What other genome scaffolders did you compare Opera to?
Bambus, which is one of the first standalone scaffolders; SOPRA, which is similar in spirit to Opera; and the scaffolder in Velvet. The results presented in our paper are largely for small genomes and that was what we were aiming for initially. Since then, we have successfully used Opera on much larger genomes and compared it to other genome assemblers better suited for large genomes, such as SOAPdenovo, and Opera does very well in those comparisons as well.
Does Opera run on a standard compute infrastructure or is it necessary to purchase additional hardware for the tool to work?
It doesn’t require anything special. It’s a C++ program and should run on any system. In terms of memory and CPU time, typically for small genomes, there is not much of a memory problem and the runtime is a few minutes. For much larger genomes, it will probably take between half an hour to a couple of hours. Memory-wise, we do once in awhile require hundreds of gigabytes so if you have a large genome you may need a large memory machine.
How about hybrid assemblies?
Yes, if you have hybrid datasets, for example Illumina paired-end sequencing data and a SOLiD mate-pair library, the contig assembly can be done with a typical assembler and then the mate-pair data can be used for scaffolding with Opera. The only thing Opera needs is a mapper that can take the reads and map it onto the contigs. Once it has coordinates, it can work from there. It's just a matter of a file conversion because Opera has a certain format that it expects for read coordinates.
Currently, it can take output from the mapper Bowtie, but we plan to increase the support to other mappers as well. BWA is definitely one we want to add pretty soon.
Speaking generally now, is this the first publicly available software that GIS has released?
Not really, there are other groups who have released software.
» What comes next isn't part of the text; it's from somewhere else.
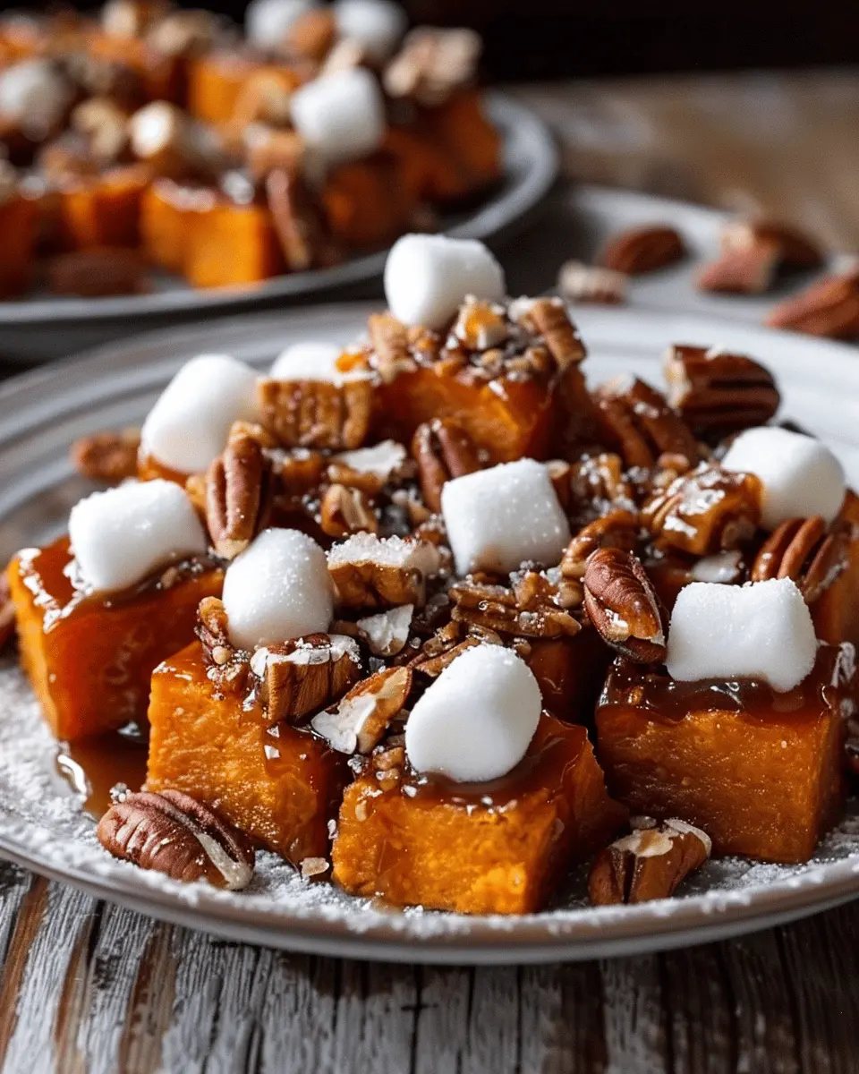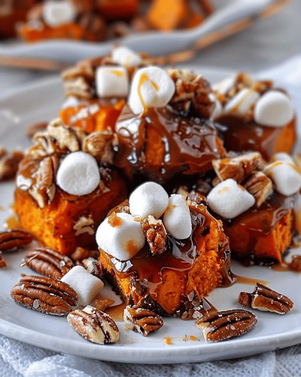 Delicious caramelized sweet potato bites topped with rich brown sugar marshmallows and crunchy pecans for a perfect indulgent treat.

In the past, we haven’t been that aggressive about publicizing our programs because some of them are based on datasets that we generate in house and may not have wide applicability but Opera is something that the assembly community would find useful and so we want to make it easily available.
What other bioinformatics efforts is GIS involved in?
We are one of several groups in GIS working on bioinformatics problems and there is a lot of other great work, including work on sequence mapping and assembly, tools for expression and ChIP-seq analysis, phylogenetic analysis, and functional variant annotation.
Our group is now focused on several extensions to Opera, such as handling repeats, and metagenomic and single-cell sequencing data. We also work on other computational problems in sequence assembly, variant calling, and microbial and metagenomic analysis.
What sort of hardware do you have in house to handle your computation needs?
Like other large sequencing centers, we have invested a fair bit in our computational resources, including a medium-sized compute cluster, several large [symmetric multiprocessing systems] and sufficient storage for the data coming out of our sequencers. We also have access to other [high-performance computing] resources available in Singapore.
How much data do you generate daily, weekly, or monthly?
I don’t have a precise number but it is substantial as we have six SOLiD machines, four Illumina GAs, two HiSeqs and a Roche 454 in house and several large projects that leverage these resources.
Are you considering cloud infrastructure?
Yes, we collaborate with the Institute for High Performance Computing in Singapore, which has expertise in this area, to port our tools and pipelines onto a cloud-computing framework. We are also excited about the potential for development of large-scale integrative analysis tools on the cloud as a scientific and pharmacogenomics resource.